Correct Answer: $\frac{5}{2}$

Solution : Given: $x^4+y^4+x^2 y^2=17 \frac{1}{16}$..........................(1)
$x^2-x y+y^2=5 \frac{1}{4}$..........................(2)
⇒ $x^4 + y^4 + x^2y^2 = (x^2 - xy + y^2) (x^2 + xy + y^2)$
⇒ $17\frac{1}{16} = 5\frac{1}{4} (x^2 + xy + y^2)$
⇒ $\frac{273}{16} = \frac{21}{4} (x^2 + xy + y^2)$
⇒ $x^2 + xy + y^2 = \frac{13}{4}$..........................(3)
On adding (2) and (3), we get
$x^2 + y^2 = \frac{17}{4}$..................................(4)
Subtract (2) form (3), we get
$xy = -1$.....................................(5)

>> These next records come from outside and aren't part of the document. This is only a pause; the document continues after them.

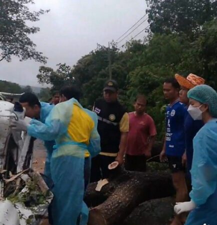 จากการสอบถามที่เห็นเหตุการณ์คนแรก เล่าว่า ขณะเกิดเหตุตนขับรถจะกลับบ้านแล้วก็มาเจอ ต้นไม้ล้มลงมาทับรถกระบะคันดังกล่าวจึงได้เดินเข้าไปดูพบว่าด้านหน้าบริเวณห้องคนขับยุบลงไปทับตัวและหัวของผู้เสียชีวิตทั่งสองคนส่วนด้านหลังพบว่าเป็นเด็กวัยรุ่นผู้หญิงจึงแจ้งกู้ภัยเข้าช่วยเหลือเอาผู้บาดเจ็บและผู้เสียชีวิตออกมาจากตัวรถดังกล่าว
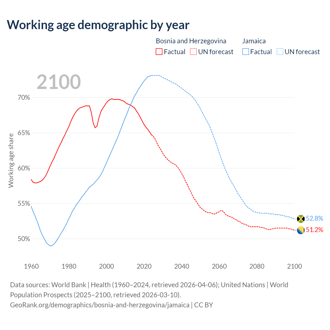 - Bosnia and Herzegovina has 2.02M working age adults (aged 15-64) vs 2.07M in Jamaica.
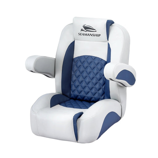 Original price $599.99Current price $421.95| /Seamanship Captain Bucket Boat Seats Flip Up Bolster Swivel 15cm Padding Blue

Now, Using the formula $(a - b)^2 = a^2 + b^2 - 2ab$
$(x - y)^2 = x^2 + y^2 - 2xy$
From (4) and (5), we get
⇒ $(x - y)^2 = \frac{17}{4} - 2 × (-1)$
⇒ $(x - y)^2 = \frac{17}{4} + 2 = \frac{25}{4}$
⇒ $(x - y) = \frac{5}{2}$
Hence, the correct answer is $\frac{5}{2}$.